Sales by a16z Capital Management
On September 9, 2025, a16z Capital Management sold 33,331 shares of Class A Common Stock in multiple transactions. a16z Capital Management sold (i) 11,860 shares of Class A Common Stock at a weighted average price of $37.91 per share, in open market sales with prices ranging from $ 37.40 to $ 38.39; (ii) 18,163 shares of Class A Common Stock at a weighted average price of $38.79 per share, in open market sales with prices ranging from $38.41 to $39.40 and (iii) 3,308 shares of Class A Common Stock at a weighted average price of $39.70 per share, in open market sales with prices ranging from $39.42 to $40.10. a16z Capital Management undertakes to provide to the Issuer, any security holder of the Issuer, or the staff of the SEC, upon request, full information regarding the number of shares sold at each separate price within the ranges set forth in the previous sentence.
Sales by AH LSV I
On September 9, 2025, AH LSV I sold 503,000 shares of Class A Common Stock in multiple transactions.

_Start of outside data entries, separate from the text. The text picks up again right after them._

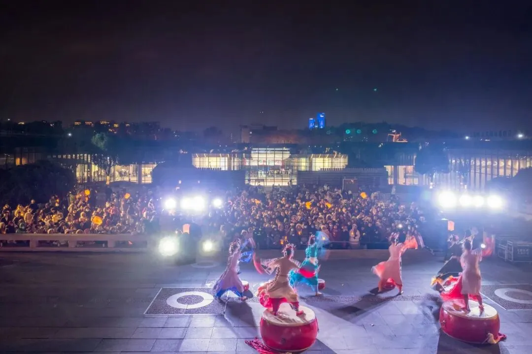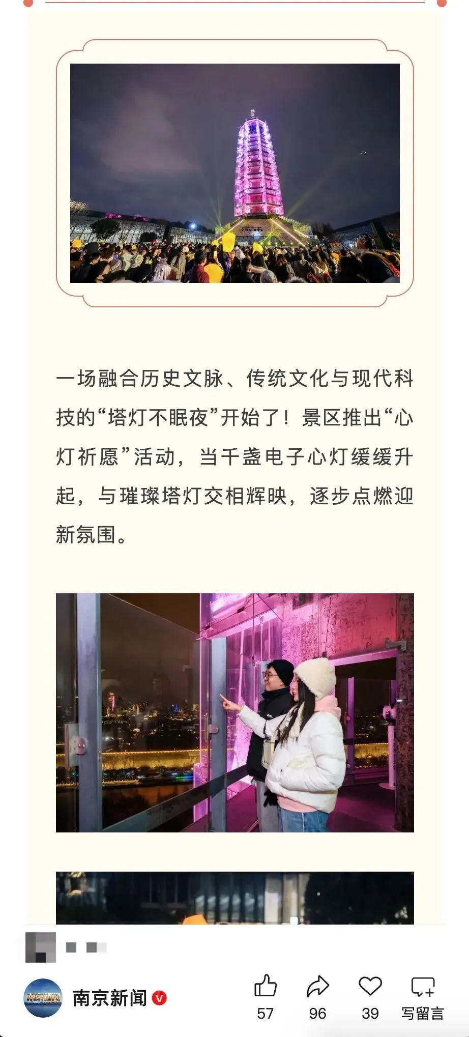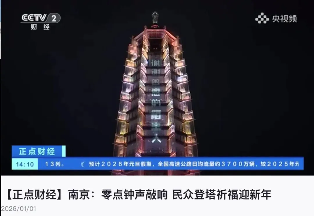 新年塔灯、零点钟声与孔明灯海交相辉映
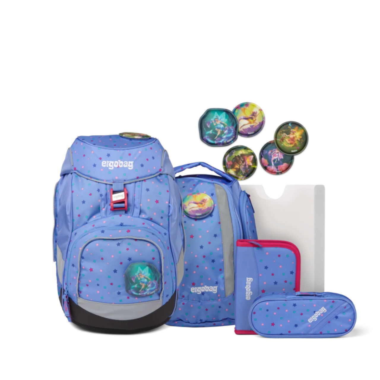 Mit den 4 Kletties und einem zauberhaften Kontur-Klettie lässt sich der ergobag individuell gestalten.
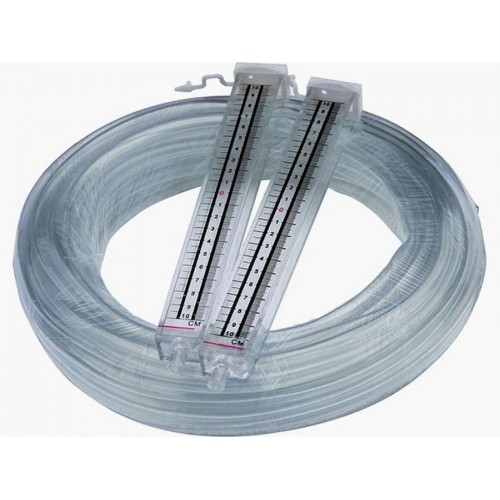 Гидроуровень работает по принципу соединяющихся сосудов. Присутствуют две измерительные колбы, изготовленные из пластмассы с обозначенными шкалами. Применяется для того чтобы определять взаимное расположение поверхностей элементов строительных конструкций, находящихся в горизонтальной плоскости. Используется при производстве стяжки пола, установке фундаментальных блоков, кладке кирпича, установке строительных контсрукций.
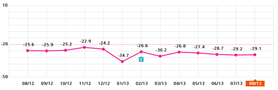 TNS Consumer Index to prowadzone od 1994 roku badanie, w którym w takiej samej postaci i kolejności zadaje się respondentom pytania dotyczące oceny bieżącej sytuacji swojego gospodarstwa domowego i kraju. W sierpniowej edycji badani nieco gorzej niż miesiąc wcześniej ocenili aktualną sytuację gospodarczą w kraju, a pozostałe elementy wskaźnika pozostały na niemal niezmienionym poziomie. TNS Consumer Index wyniósł -29,1 wobec -29,2 w lipcu.

AH LSV I sold (i) 183,868 shares of Class A Common Stock at a weighted average price of $37.90 per share, in open market sales with prices ranging from $37.38 to $38.3789; (ii) 268,420 shares of Class A Common Stock at a weighted average price of $38.78 per share, in open market sales with prices ranging from $38.38 to $39.3791; and (iii) 50,712 shares of Class A Common Stock at a weighted average price of $39.67 per share, in open market sales with prices ranging from $39.38 to $40.10. AH LSV I undertakes to provide to the Issuer, any security holder of the Issuer, or the staff of the SEC, upon request, full information regarding the number of shares sold at each separate price within the ranges set forth in the previous sentence.
Sales by AH Parallel V
On September 9, 2025, AH Parallel V sold 257,000 shares of Class A Common Stock in multiple transactions. AH Parallel V sold (i) 93,944 shares of Class A Common Stock at a weighted average price of $37.90 per share, in open market sales with prices ranging from $37.38 to $38.3789; (ii) 137,145 shares of Class A Common Stock at a weighted average price of $38.78 per share, in open market sales with prices ranging from $38.38 to $39.3791; and (iii) 25,911 shares of Class A Common Stock at a weighted average price of $39.67 per share, in open market sales with prices ranging from $39.38 to $40.10. AH Parallel V undertakes to provide to the Issuer, any security holder of the Issuer, or the staff of the SEC, upon request, full information regarding the number of shares sold at each separate price within the ranges set forth in the previous sentence.